*** RECORDED INFORMATION Section Begins ***

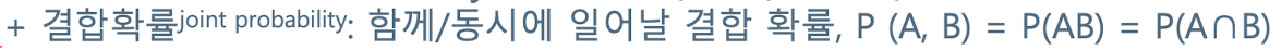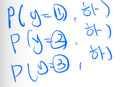 여튼 이렇게 몇개의 확률이 결합되어 나타나내느 형태를 결합확률이라고 하며 P(y=1, x=하얀)과 같이 표현하며, 두사건이 종속관계인지 독립관계인지 잘 알아야 한다.
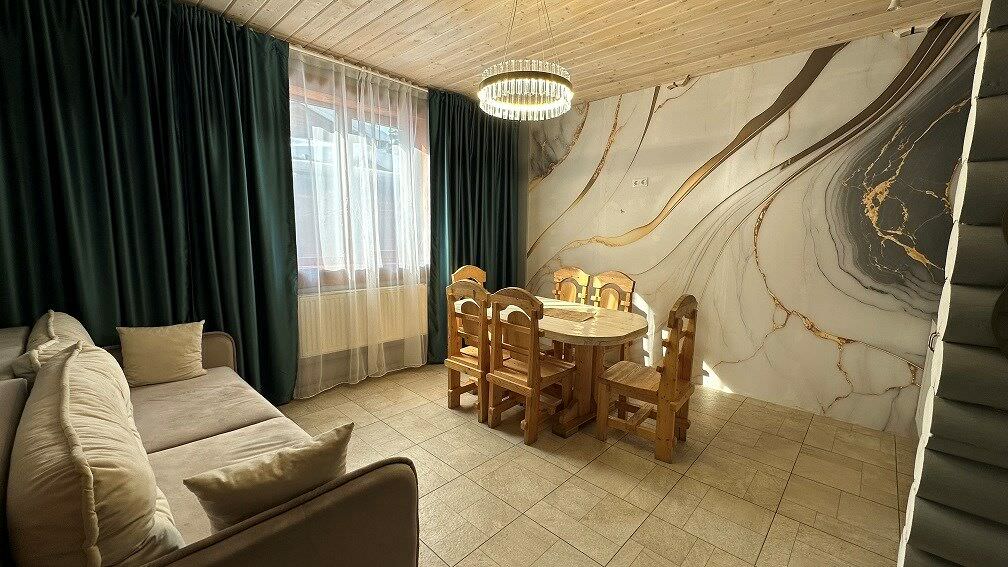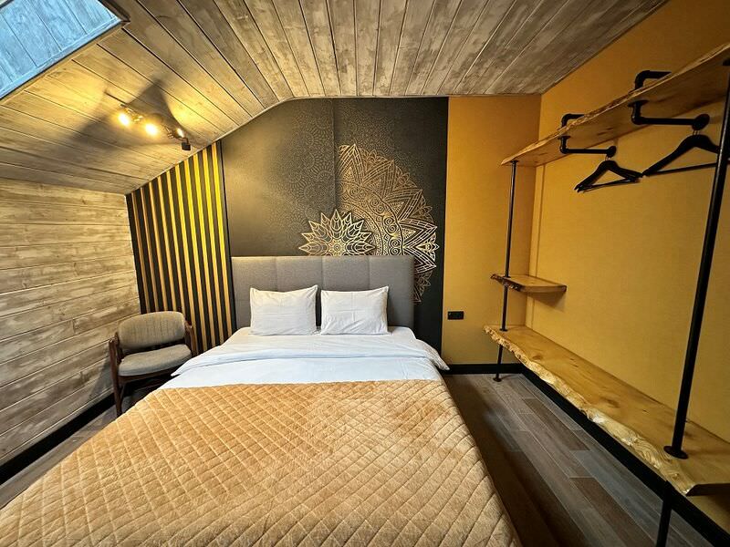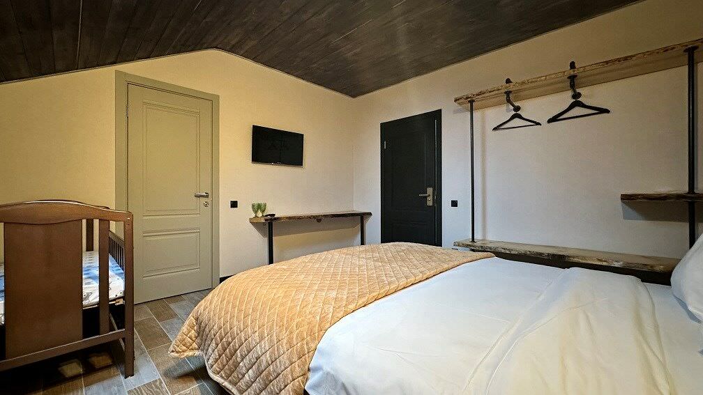 Площадь номера - 140 кв.м.; В номере: Холодильник, Телевизор, Телефон, Кабельное/спутниковое/цифровое телевидение, Тапочки, Кухня, Фен, Набор для приготовления чая/кофе, Мягкая мебель, Душ/душевая кабинка, Двуспальная кровать, Туалет в номере, Чайник, Набор посуды, Микроволновая печь, Сауна, Диван, Кресло; Макс. кол-во гостей - 4
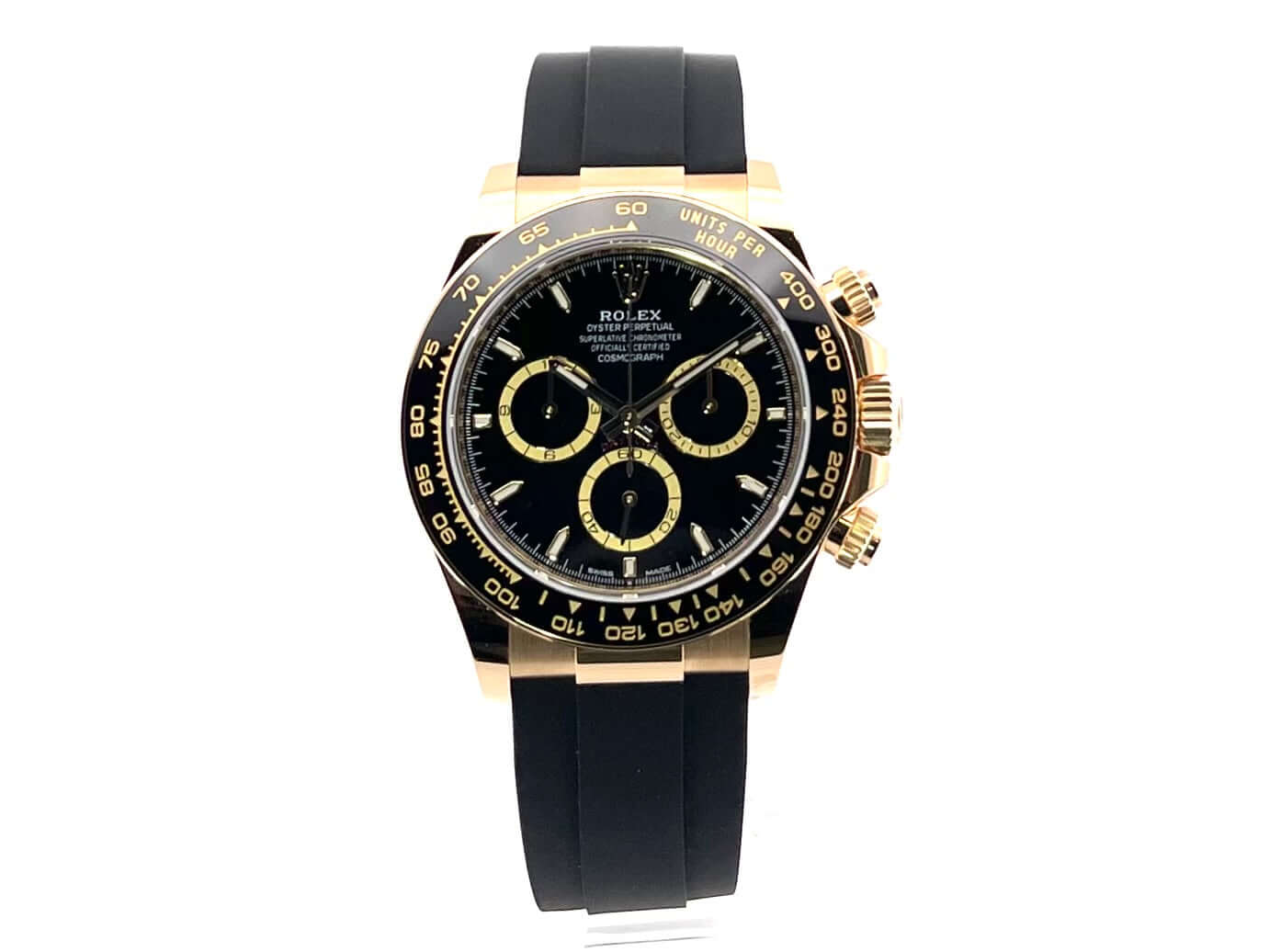 Gehäuse aus 18 kt Gelbgold poliert und satiniert, Gehäusedurchmesser 40 mm, Gehäusehöhe 12,4 mm, Keramik Lünette mit Tachymeterskala, schwarzes Oysterflex-Band mit 18 kt Gelbgold Faltschließe, schwarzes Zifferblatt, schwarze Totalisatoren, Automatikwerk, Rolex Manufakturkaliber 4131 mit 47 Steine, Schwingung 28.800 A/h, Gangreserve für ca. 72 Stunden, Chronograph, Chronometer, kratzfestes Saphirglas, verschraubbare Krone aus 18 kt Gelbgold mit Flankenschutz, verschraubter Boden aus 18 kt Gelbgold, Wasserdicht bis zu 10 bar.
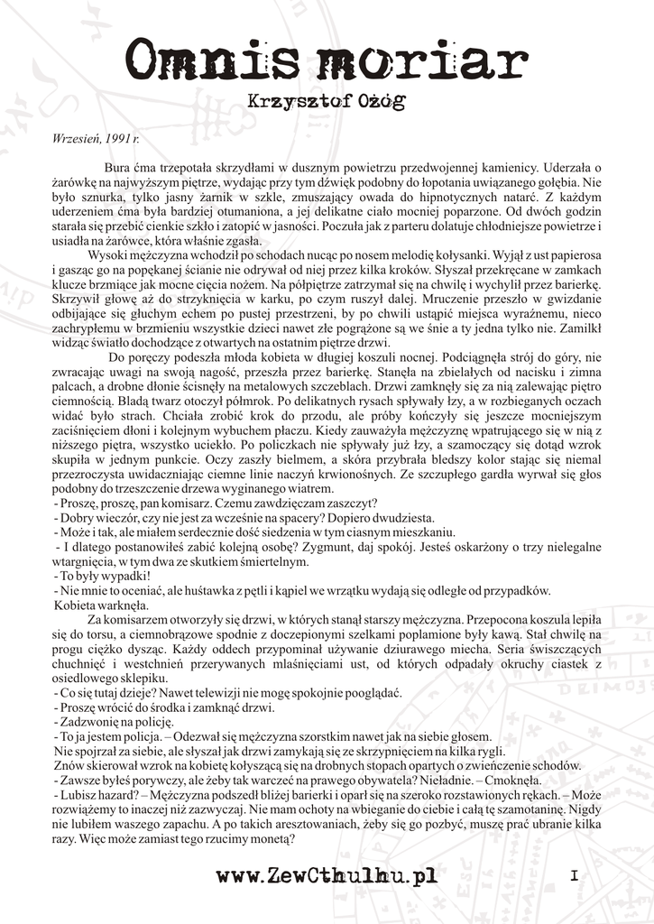 Omnis moriar Krzysztof Ożóg Wrzesień, 1991 r. Bura ćma trzepotała skrzydłami w dusznym powietrzu przedwojennej kamienicy. Uderzała o żarówkę na najwyższym piętrze, wydając przy tym dźwięk podobny do łopotania uwiązanego gołębia. Nie było sznurka, tylko jasny żarnik w szkle, zmuszający owada do hipnotycznych natarć. Z każdym uderzeniem ćma była bardziej otumaniona, a jej delikatne ciało mocniej poparzone. Od dwóch godzin starała się przebić cienkie szkło i zatopić w jasności. Poczuła jak z parteru dolatuje chłodniejsze powietrze i usiadła na żarówce, która właśnie zgasła. Wysoki mężczyzna wchodził po schodach nucąc po nosem melodię kołysanki. Wyjął z ust papierosa i gasząc go na popękanej ścianie nie odrywał od niej przez kilka kroków. Słyszał przekręcane w zamkach klucze brzmiące jak mocne cięcia nożem. Na półpiętrze zatrzymał się na chwilę i wychylił przez barierkę. Skrzywił głowę aż do strzyknięcia w karku, po czym ruszył dalej. Mruczenie przeszło w gwizdanie odbijające się głuchym echem po pustej przestrzeni, by po chwili ustąpić miejsca wyraźnemu, nieco zachrypłemu w brzmieniu wszystkie dzieci nawet złe pogrążone są we śnie a ty jedna tylko nie. Zamilkł widząc światło dochodzące z otwartych na ostatnim piętrze drzwi. Do poręczy podeszła młoda kobieta w długiej koszuli nocnej. Podciągnęła strój do góry, nie zwracając uwagi na swoją nagość, przeszła przez barierkę. Stanęła na zbielałych od nacisku i zimna palcach, a drobne dłonie ścisnęły na metalowych szczeblach. Drzwi zamknęły się za nią zalewając piętro ciemnością. Bladą twarz otoczył półmrok. Po delikatnych rysach spływały łzy, a w rozbieganych oczach widać było strach. Chciała zrobić krok do przodu, ale próby kończyły się jeszcze mocniejszym zaciśnięciem dłoni i kolejnym wybuchem płaczu. Kiedy zauważyła mężczyznę wpatrującego się w nią z niższego piętra, wszystko uciekło. Po policzkach nie spływały już łzy, a szamoczący się dotąd wzrok skupiła w jednym punkcie. Oczy zaszły bielmem, a skóra przybrała bledszy kolor stając się niemal przezroczysta uwidaczniając ciemne linie naczyń krwionośnych. Ze szczupłego gardła wyrwał się głos podobny do trzeszczenie drzewa wyginanego wiatrem. - Proszę, proszę, pan komisarz. Czemu zawdzięczam zaszczyt? - Dobry wieczór, czy nie jest za wcześnie na spacery? Dopiero dwudziesta. - Może i tak, ale miałem serdecznie dość siedzenia w tym ciasnym mieszkaniu. - I dlatego postanowiłeś zabić kolejną osobę? Zygmunt, daj spokój. Jesteś oskarżony o trzy nielegalne wtargnięcia, w tym dwa ze skutkiem śmiertelnym. - To były wypadki! - Nie mnie to oceniać, ale huśtawka z pętli i kąpiel we wrzątku wydają się odległe od przypadków. Kobieta warknęła. Za komisarzem otworzyły się drzwi, w których stanął starszy mężczyzna. Przepocona koszula lepiła się do torsu, a ciemnobrązowe spodnie z doczepionymi szelkami poplamione były kawą. Stał chwilę na progu ciężko dysząc. Każdy oddech przypominał używanie dziurawego miecha. Seria świszczących chuchnięć i westchnień przerywanych mlaśnięciami ust, od których odpadały okruchy ciastek z osiedlowego sklepiku. - Co się tutaj dzieje? Nawet telewizji nie mogę spokojnie pooglądać. - Proszę wrócić do środka i zamknąć drzwi. - Zadzwonię na policję. - To ja jestem policja. – Odezwał się mężczyzna szorstkim nawet jak na siebie głosem. Nie spojrzał za siebie, ale słyszał jak drzwi zamykają się ze skrzypnięciem na kilka rygli. Znów skierował wzrok na kobietę kołyszącą się na drobnych stopach opartych o zwieńczenie schodów. - Zawsze byłeś porywczy, ale żeby tak warczeć na prawego obywatela? Nieładnie. – Cmoknęła. - Lubisz hazard? – Mężczyzna podszedł bliżej barierki i oparł się na szeroko rozstawionych rękach. – Może rozwiążemy to inaczej niż zazwyczaj. Nie mam ochoty na wbieganie do ciebie i całą tę szamotaninę. Nigdy nie lubiłem waszego zapachu. A po takich aresztowaniach, żeby się go pozbyć, muszę prać ubranie kilka razy. Więc może zamiast tego rzucimy monetą? www.ZewCthulhu.pl 1 Kobieta przygryzła górną wargę. Uśmiech, który wykwitł na twarzy przybrał kształt wyciętego tępą brzytwą półksiężyca. Zacisnęła zęby na tyle mocno, by na wargach pojawiła się krew. Grymas nie opuszczał jej twarzy również, kiedy wypluwała posokę z kawałkiem wargi. Po brodzie spływała strużka krwi zakończona rosnącą kroplą. Skapnęła. Za nią poleciało kilka następnych. - To jak będzie? – Podjął na nowo mężczyzna. – Moneta, czy dopisać ci do nakazu egzorcyzmu poranienie i atak na funkcjonariusza? - Rzucaj. – Wycedziła przez zakrwawione usta. - Orzeł czy reszka? - Reszka. Moneta poszybowała wysoko. Wirowała spokojnie tuż przed zakrytymi bielmem oczami kobiety. Po chwili zaczęła spadać, a kiedy dotknęła posadzki na najniższym z pięter wydała z siebie ciche brzdęknięcie. Bardziej czknięcie niż pełen dźwięk. - Reszka! – Dobiegł z dołu dziecięcy głos. Kobieta zrobiła krok do przodu. W jednym momencie poddała się wszystkiemu, co w niej zamieszkało a nie było nią. Opadła z sił i kładąc się na gęstym powietrzu kamienicy zaczęła spadać. Zatrzymała się tuż przed twarzą mężczyzny. Jej ciało krzywiło się w powietrzu. Zginała i prostowała stawy, mięśnie i ścięgna. Przez bielmo zakrywające oczy przebijały zielone tęczówki, a blada twarz nabierała różowego koloru. W jej spojrzeniu widać było lęk. Surowy, gorzki. Taki, który pojawia się, kiedy stajemy przed światłem w kolejowym tunelu. Próbowała coś powiedzieć patrząc na mężczyznę, który wyciągnął do niej ręce. - Zdychaj. – Wyszeptała i poczuła jak spada. Upadek z czwartego piętra nie zawsze jest śmiertelny. Kiedy komisarz zbiegł po schodach

*** RECORDED INFORMATION Section Ends ***

**ACTIVITY:** Every line above should be returned word for word, with the pictures left behind.

**ANSWER SPACE:**
 여튼 이렇게 몇개의 확률이 결합되어 나타나내느 형태를 결합확률이라고 하며 P(y=1, x=하얀)과 같이 표현하며, 두사건이 종속관계인지 독립관계인지 잘 알아야 한다.
 Площадь номера - 140 кв.м.; В номере: Холодильник, Телевизор, Телефон, Кабельное/спутниковое/цифровое телевидение, Тапочки, Кухня, Фен, Набор для приготовления чая/кофе, Мягкая мебель, Душ/душевая кабинка, Двуспальная кровать, Туалет в номере, Чайник, Набор посуды, Микроволновая печь, Сауна, Диван, Кресло; Макс. кол-во гостей - 4
 Gehäuse aus 18 kt Gelbgold poliert und satiniert, Gehäusedurchmesser 40 mm, Gehäusehöhe 12,4 mm, Keramik Lünette mit Tachymeterskala, schwarzes Oysterflex-Band mit 18 kt Gelbgold Faltschließe, schwarzes Zifferblatt, schwarze Totalisatoren, Automatikwerk, Rolex Manufakturkaliber 4131 mit 47 Steine, Schwingung 28.800 A/h, Gangreserve für ca. 72 Stunden, Chronograph, Chronometer, kratzfestes Saphirglas, verschraubbare Krone aus 18 kt Gelbgold mit Flankenschutz, verschraubter Boden aus 18 kt Gelbgold, Wasserdicht bis zu 10 bar.
 Omnis moriar Krzysztof Ożóg Wrzesień, 1991 r. Bura ćma trzepotała skrzydłami w dusznym powietrzu przedwojennej kamienicy. Uderzała o żarówkę na najwyższym piętrze, wydając przy tym dźwięk podobny do łopotania uwiązanego gołębia. Nie było sznurka, tylko jasny żarnik w szkle, zmuszający owada do hipnotycznych natarć. Z każdym uderzeniem ćma była bardziej otumaniona, a jej delikatne ciało mocniej poparzone. Od dwóch godzin starała się przebić cienkie szkło i zatopić w jasności. Poczuła jak z parteru dolatuje chłodniejsze powietrze i usiadła na żarówce, która właśnie zgasła. Wysoki mężczyzna wchodził po schodach nucąc po nosem melodię kołysanki. Wyjął z ust papierosa i gasząc go na popękanej ścianie nie odrywał od niej przez kilka kroków. Słyszał przekręcane w zamkach klucze brzmiące jak mocne cięcia nożem. Na półpiętrze zatrzymał się na chwilę i wychylił przez barierkę. Skrzywił głowę aż do strzyknięcia w karku, po czym ruszył dalej. Mruczenie przeszło w gwizdanie odbijające się głuchym echem po pustej przestrzeni, by po chwili ustąpić miejsca wyraźnemu, nieco zachrypłemu w brzmieniu wszystkie dzieci nawet złe pogrążone są we śnie a ty jedna tylko nie. Zamilkł widząc światło dochodzące z otwartych na ostatnim piętrze drzwi. Do poręczy podeszła młoda kobieta w długiej koszuli nocnej. Podciągnęła strój do góry, nie zwracając uwagi na swoją nagość, przeszła przez barierkę. Stanęła na zbielałych od nacisku i zimna palcach, a drobne dłonie ścisnęły na metalowych szczeblach. Drzwi zamknęły się za nią zalewając piętro ciemnością. Bladą twarz otoczył półmrok. Po delikatnych rysach spływały łzy, a w rozbieganych oczach widać było strach. Chciała zrobić krok do przodu, ale próby kończyły się jeszcze mocniejszym zaciśnięciem dłoni i kolejnym wybuchem płaczu. Kiedy zauważyła mężczyznę wpatrującego się w nią z niższego piętra, wszystko uciekło. Po policzkach nie spływały już łzy, a szamoczący się dotąd wzrok skupiła w jednym punkcie. Oczy zaszły bielmem, a skóra przybrała bledszy kolor stając się niemal przezroczysta uwidaczniając ciemne linie naczyń krwionośnych. Ze szczupłego gardła wyrwał się głos podobny do trzeszczenie drzewa wyginanego wiatrem. - Proszę, proszę, pan komisarz. Czemu zawdzięczam zaszczyt? - Dobry wieczór, czy nie jest za wcześnie na spacery? Dopiero dwudziesta. - Może i tak, ale miałem serdecznie dość siedzenia w tym ciasnym mieszkaniu. - I dlatego postanowiłeś zabić kolejną osobę? Zygmunt, daj spokój. Jesteś oskarżony o trzy nielegalne wtargnięcia, w tym dwa ze skutkiem śmiertelnym. - To były wypadki! - Nie mnie to oceniać, ale huśtawka z pętli i kąpiel we wrzątku wydają się odległe od przypadków. Kobieta warknęła. Za komisarzem otworzyły się drzwi, w których stanął starszy mężczyzna. Przepocona koszula lepiła się do torsu, a ciemnobrązowe spodnie z doczepionymi szelkami poplamione były kawą. Stał chwilę na progu ciężko dysząc. Każdy oddech przypominał używanie dziurawego miecha. Seria świszczących chuchnięć i westchnień przerywanych mlaśnięciami ust, od których odpadały okruchy ciastek z osiedlowego sklepiku. - Co się tutaj dzieje? Nawet telewizji nie mogę spokojnie pooglądać. - Proszę wrócić do środka i zamknąć drzwi. - Zadzwonię na policję. - To ja jestem policja. – Odezwał się mężczyzna szorstkim nawet jak na siebie głosem. Nie spojrzał za siebie, ale słyszał jak drzwi zamykają się ze skrzypnięciem na kilka rygli. Znów skierował wzrok na kobietę kołyszącą się na drobnych stopach opartych o zwieńczenie schodów. - Zawsze byłeś porywczy, ale żeby tak warczeć na prawego obywatela? Nieładnie. – Cmoknęła. - Lubisz hazard? – Mężczyzna podszedł bliżej barierki i oparł się na szeroko rozstawionych rękach. – Może rozwiążemy to inaczej niż zazwyczaj. Nie mam ochoty na wbieganie do ciebie i całą tę szamotaninę. Nigdy nie lubiłem waszego zapachu. A po takich aresztowaniach, żeby się go pozbyć, muszę prać ubranie kilka razy. Więc może zamiast tego rzucimy monetą? www.ZewCthulhu.pl 1 Kobieta przygryzła górną wargę. Uśmiech, który wykwitł na twarzy przybrał kształt wyciętego tępą brzytwą półksiężyca. Zacisnęła zęby na tyle mocno, by na wargach pojawiła się krew. Grymas nie opuszczał jej twarzy również, kiedy wypluwała posokę z kawałkiem wargi. Po brodzie spływała strużka krwi zakończona rosnącą kroplą. Skapnęła. Za nią poleciało kilka następnych. - To jak będzie? – Podjął na nowo mężczyzna. – Moneta, czy dopisać ci do nakazu egzorcyzmu poranienie i atak na funkcjonariusza? - Rzucaj. – Wycedziła przez zakrwawione usta. - Orzeł czy reszka? - Reszka. Moneta poszybowała wysoko. Wirowała spokojnie tuż przed zakrytymi bielmem oczami kobiety. Po chwili zaczęła spadać, a kiedy dotknęła posadzki na najniższym z pięter wydała z siebie ciche brzdęknięcie. Bardziej czknięcie niż pełen dźwięk. - Reszka! – Dobiegł z dołu dziecięcy głos. Kobieta zrobiła krok do przodu. W jednym momencie poddała się wszystkiemu, co w niej zamieszkało a nie było nią. Opadła z sił i kładąc się na gęstym powietrzu kamienicy zaczęła spadać. Zatrzymała się tuż przed twarzą mężczyzny. Jej ciało krzywiło się w powietrzu. Zginała i prostowała stawy, mięśnie i ścięgna. Przez bielmo zakrywające oczy przebijały zielone tęczówki, a blada twarz nabierała różowego koloru. W jej spojrzeniu widać było lęk. Surowy, gorzki. Taki, który pojawia się, kiedy stajemy przed światłem w kolejowym tunelu. Próbowała coś powiedzieć patrząc na mężczyznę, który wyciągnął do niej ręce. - Zdychaj. – Wyszeptała i poczuła jak spada. Upadek z czwartego piętra nie zawsze jest śmiertelny. Kiedy komisarz zbiegł po schodach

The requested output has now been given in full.